Why Skeptics Should Watch Les Miserables

 finally gave in and watched Les Miserables with Abby last week.  I was familiar with the story, but this was my first experience with the musical.  To be perfectly honest, I wasn’t really looking forward to it.  And then in the first scene Russell Crowe opened his mouth to sing, and I really wasn’t looking forward to it.  (When I heard him sing it prompted me to tweet, “If I speak with the tongues of angels but have not love, I am but a Russell Crow singing in Les Mis.”)  But alas, like a good husband I persevered.  And I’m  glad I did.

I loved it.  There, I said it.  In fact, I really loved it.  When you consider the story, the characters, the music, and all its components, I think Les Miserables is breathtaking art.  I was so enthralled that at one point during the film I turned to Abby and said, “How can someone watch this and say there is no God.”  If you find that to be an odd response to a movie, then allow me to explain.

What is the best explanation for beauty?  That is actually a very important question.  When you watch something like Les Miserables, why are you stirred in indescribable ways?  There are many experiences that are fundamental to the human existence that we never stop to think about.  What’s with music, art, love, justice, virtue, purpose, and all these experiences that clearly transcend every culture of humanity?

The purely naturalistic worldview says they are but illusions produced by the human brain forged through ages of natural selection.  Whatever your views are on the evolutionary process, I think you know that to label these things as merely by-products of natural selection is way too simplistic and only mocks the profoundness of these experiences in our lives.  How did we ever get to the point where experiences that are so fundamental to our existence are discredited as nothing more than meaningless illusions created by our brains for the purposes of survival?

It began with the 18th century Enlightenment.  The Enlightenment, with all its wonderful advances, had a crucial flaw.  The only trusted reality and knowledge is that which you can test.  Before the age of reason, things like meaning, value, morals, purpose, and beauty were trusted authorities and had a lot to say about reality and the deep truths of existence.  But these are all forms of knowledge that cannot be tested in a controlled environment.  The philosophy of the Enlightenment, and consequently the modern world as we know it, is that the only true knowledge is that which can be tested and confirmed.   Since these forms of knowledge cannot be treated this way, they were marginalized and discredited.

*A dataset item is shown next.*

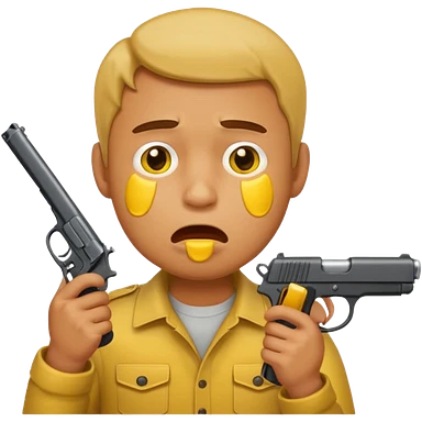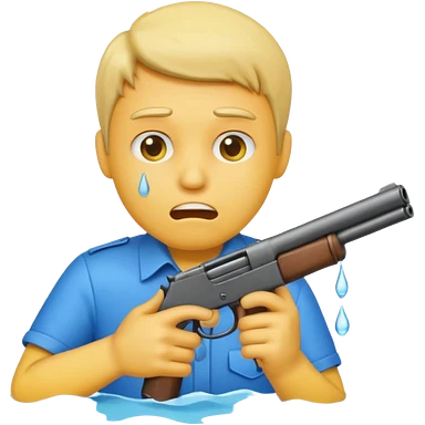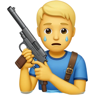 Make a yellow emoji of a guy holding a gun and the guns barrel is in his mouth while crying blue water emoji

In other words, we became really good at the question of what and how (What is a human being?  How does a human being work?), but the question of why (Why is there a human being?) became obsolete.  Things like beauty, joy, love, morals, virtue, and purpose, these questions cannot be explained by the scientific method and so they were reduced down to purely physical explanations.  They are nothing more than chemical processes in the brain that somehow helped our ancestors.

The problem is that nobody truly lives that way.  In fact we base our lives upon these experiences and are bound and compelled by them in inescapable ways.  These realities are as fundamental to our existences as the laws of physics.  They control us just as much as we are controlled by gravity.  In fact they are so constraining to us that often we pursue them at the cost of our own survival.  We see that in Les Mis as people lay down their life in the name of justice and the greater cause.  Deep down we know these experiences are not illusions produced by purely physical realities.  Nonsense!  They are just as real as the world around us, and even the most nihilistic cynic lives as such.

What then are these things?  They are signposts to something greater.  They are deep-seeded clues inside us all that point to transcendent realities.  Either beauty is a false illusion that has us all deceived, or beauty is real.  I think when you watch Les Miserables (or whatever you find beautiful) you know it’s real.  And if it is real then we must ask the question, where does beauty come from?  What are its origins?  The classic and logical answer to this is that there must be a transcendent beauty to which all beauty points.  All the beauties we behold emanate from and point to the source of all beauty.  All these fundamental realities and experiences that we know to be true even though we cannot place them under a microscope, they are all, as C.S. Lewis brilliantly described them, sunbeams of the sun.

Your inescapable sense of justice points to the transcendent reality of justice.  Your inescapable longing for love points to the transcendent reality of love.   Your inescapable conscience that knows there is such a thing as right and wrong points to the transcendent reality of right and wrong.  Your inescapable quest for meaning and purpose points to the reality that there is in fact a transcendent meaning and purpose to life.

So what is this transcended source of all these experiences?  That, my friends, is what we call God.  What you experience when you watch Les Miserable is a real experience.  If like me you found yourself lost in the beauty of the story and music, moved by the justice and love on display in the characters, if Les Miserables stirred something inside of you, that was not an illusion, it was a clue.  Investigate the clues.  Trace the sunbeam of Les Miserables back up to the sun itself.  When you experience the beauties life has to offer, enjoy them, and then let them take you a step further.  Let beauty persuade your soul that there is indeed a transcendent beauty to which all these lesser beauties testify.  That beauty is God.